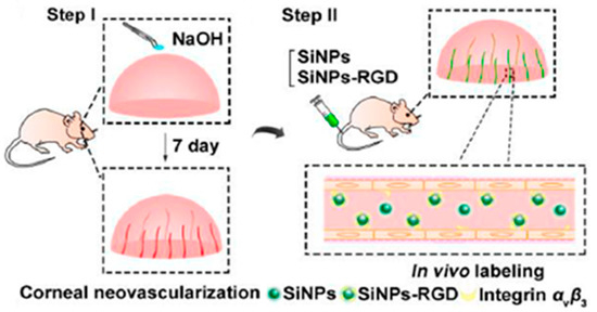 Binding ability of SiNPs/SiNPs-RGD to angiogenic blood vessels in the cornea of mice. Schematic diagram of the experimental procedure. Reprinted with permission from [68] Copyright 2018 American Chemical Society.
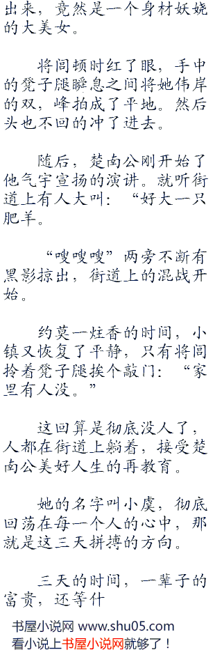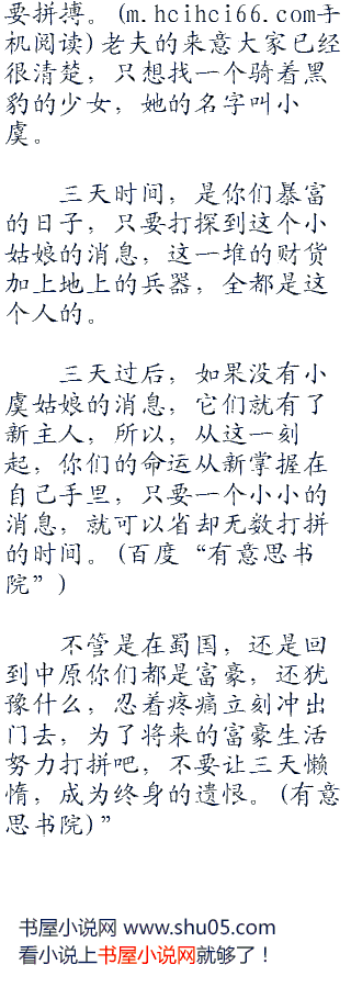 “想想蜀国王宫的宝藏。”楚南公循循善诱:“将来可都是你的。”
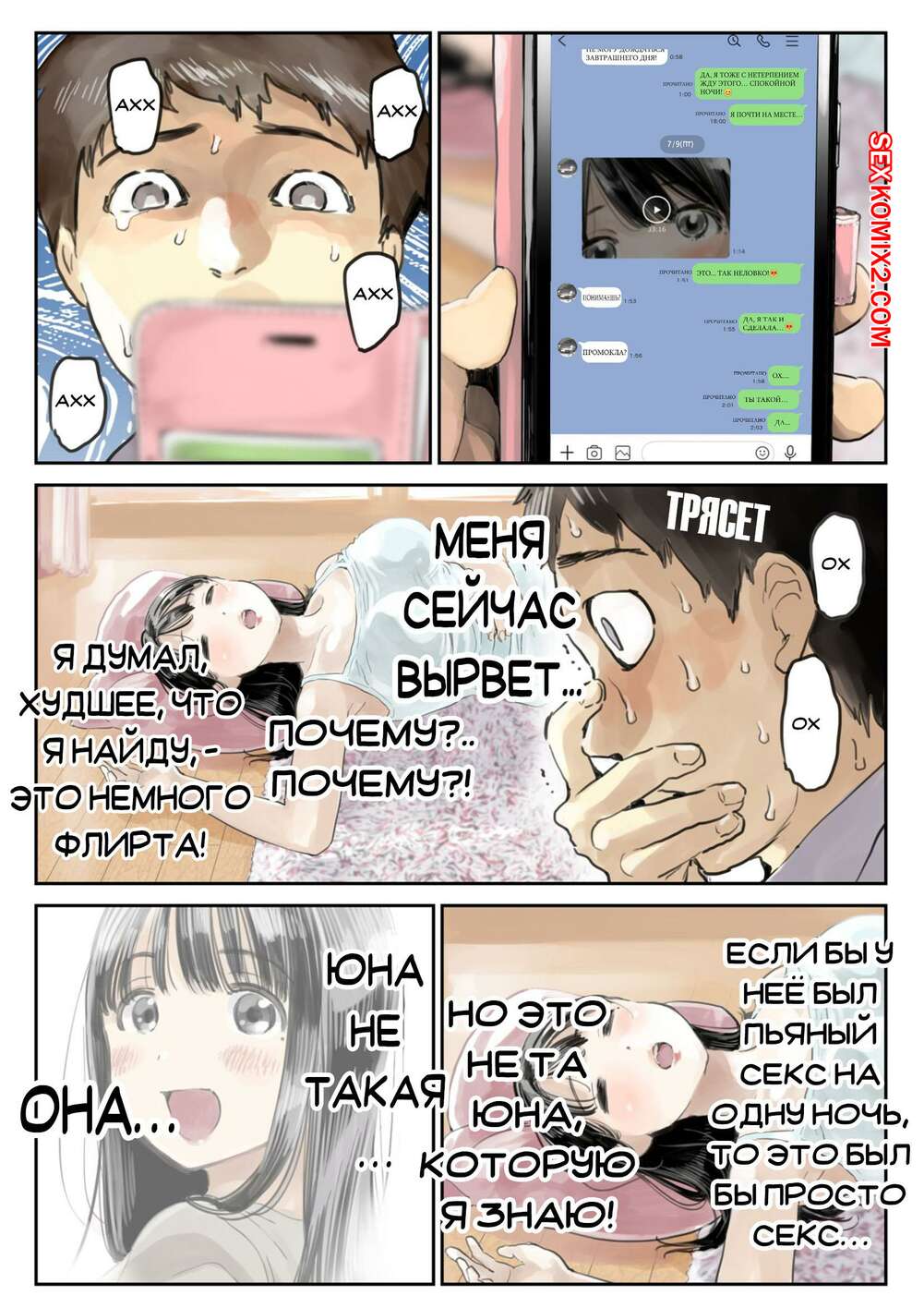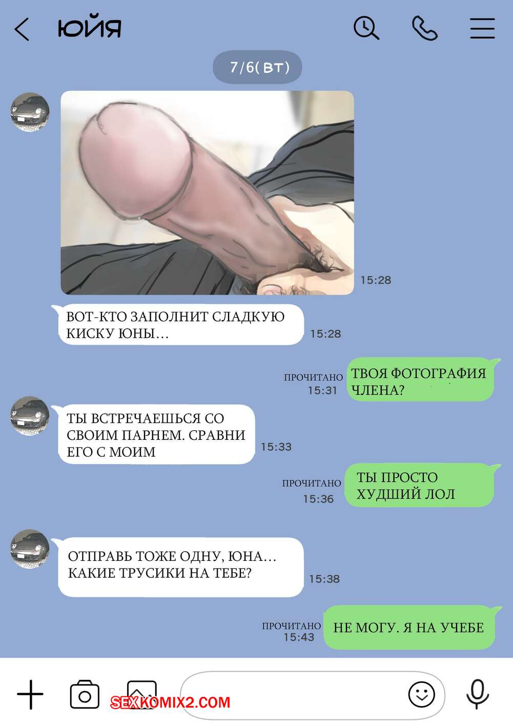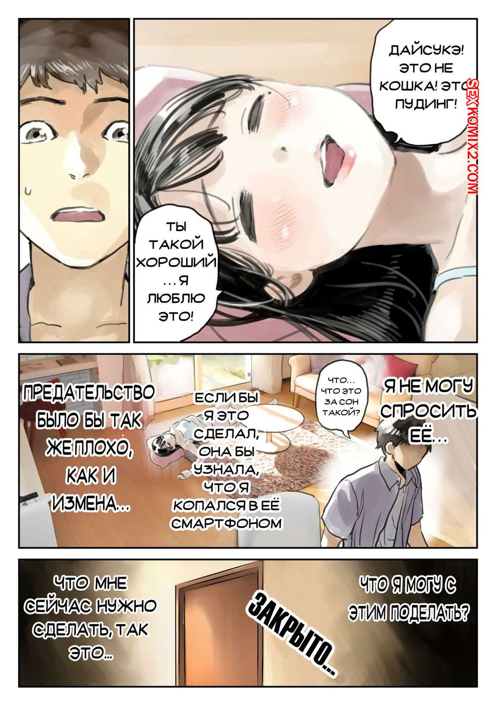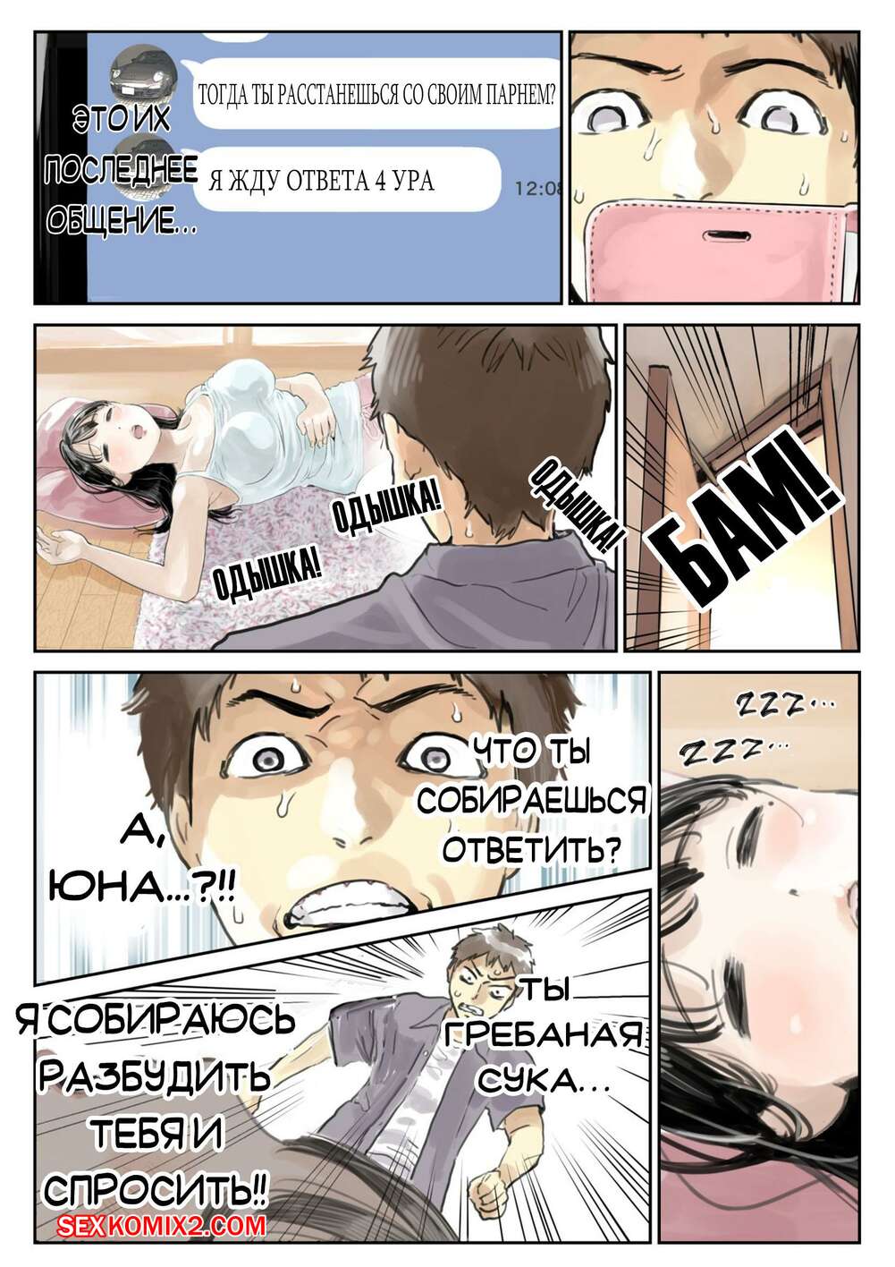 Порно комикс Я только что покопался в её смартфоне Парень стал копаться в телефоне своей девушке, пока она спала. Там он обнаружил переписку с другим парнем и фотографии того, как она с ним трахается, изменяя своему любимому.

== PROBLEM TO SOLVE ==
Write out the whole listing above exactly, minus images.

== FINISHED TASK ==
 Binding ability of SiNPs/SiNPs-RGD to angiogenic blood vessels in the cornea of mice. Schematic diagram of the experimental procedure. Reprinted with permission from [68] Copyright 2018 American Chemical Society.
 “想想蜀国王宫的宝藏。”楚南公循循善诱:“将来可都是你的。”
 Порно комикс Я только что покопался в её смартфоне Парень стал копаться в телефоне своей девушке, пока она спала. Там он обнаружил переписку с другим парнем и фотографии того, как она с ним трахается, изменяя своему любимому.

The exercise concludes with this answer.